▸ TASK TO CARRY OUT:
Apart from pictures, transcribe exactly each line from the one containing "2014年12月26日晚,计" through the final line of the listing below.

▸ SUPPLIED DATA:
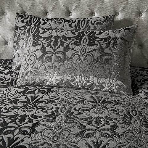 Laurence Llewelyn-Bowen – Slate Grey Embossed Damask Duvet Cover – King Bedding Size (230 x 220cm) – 2 Pillowcases – Grey Velvet Damask Bedding – Luxury Bedding Set – Jacquard Duvet Set in Grey
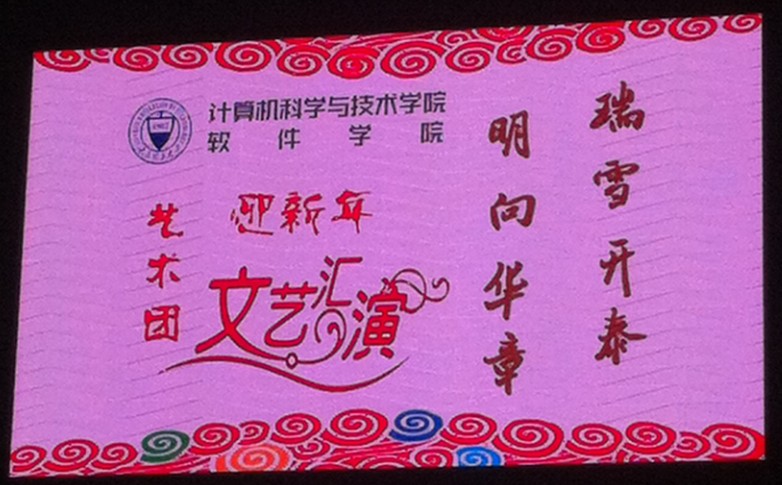 2014年12月26日晚,计算机科学与技术学院、永利yl23411集团“瑞雪开泰 明向华章”迎新年文艺汇演在yl23411永利明向校区学生活动中心隆重举行,此次晚会由学院艺术团主办,院团委、学生会、科协、红旗志愿者中心协办。学院党委书记梁宪生,党委副书记池卫平,学工办副主任郭飞,团委书记王飞,团委副书记李欣怡,以及2013级、2014级辅导员和600余名师生共同观看了演出。
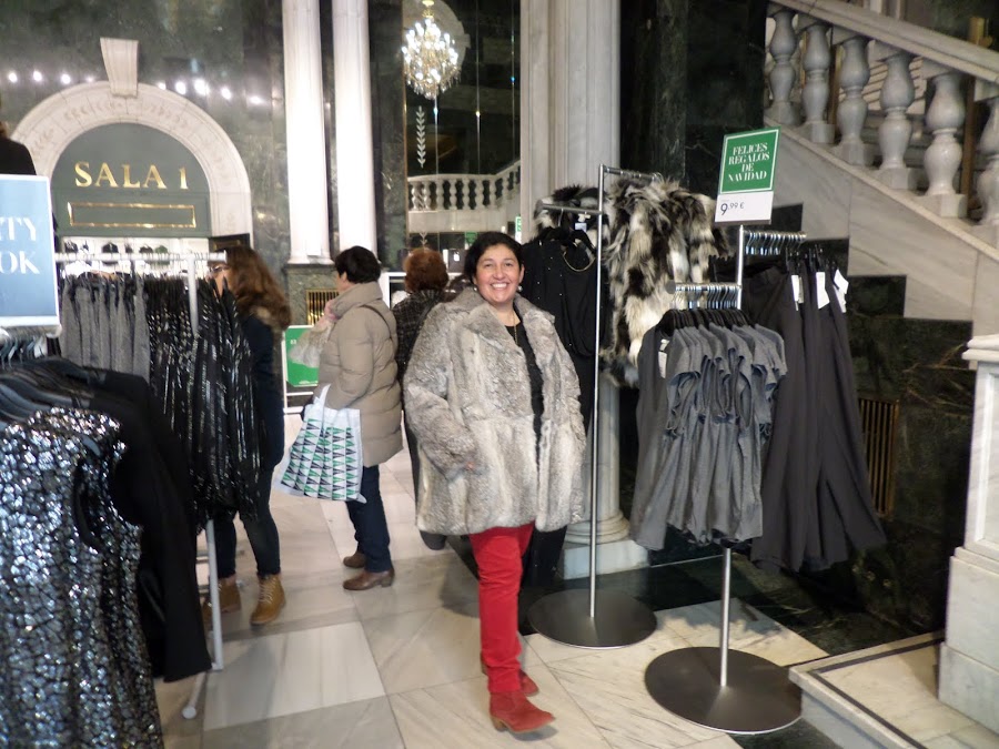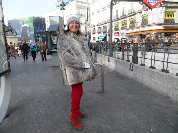 .... abrigo de pelo vintage en color gris con gorro de lana y botines a juego con el pantalón.

▸ RESPONSE TO THIS EXERCISE:
 2014年12月26日晚,计算机科学与技术学院、永利yl23411集团“瑞雪开泰 明向华章”迎新年文艺汇演在yl23411永利明向校区学生活动中心隆重举行,此次晚会由学院艺术团主办,院团委、学生会、科协、红旗志愿者中心协办。学院党委书记梁宪生,党委副书记池卫平,学工办副主任郭飞,团委书记王飞,团委副书记李欣怡,以及2013级、2014级辅导员和600余名师生共同观看了演出。
 .... abrigo de pelo vintage en color gris con gorro de lana y botines a juego con el pantalón.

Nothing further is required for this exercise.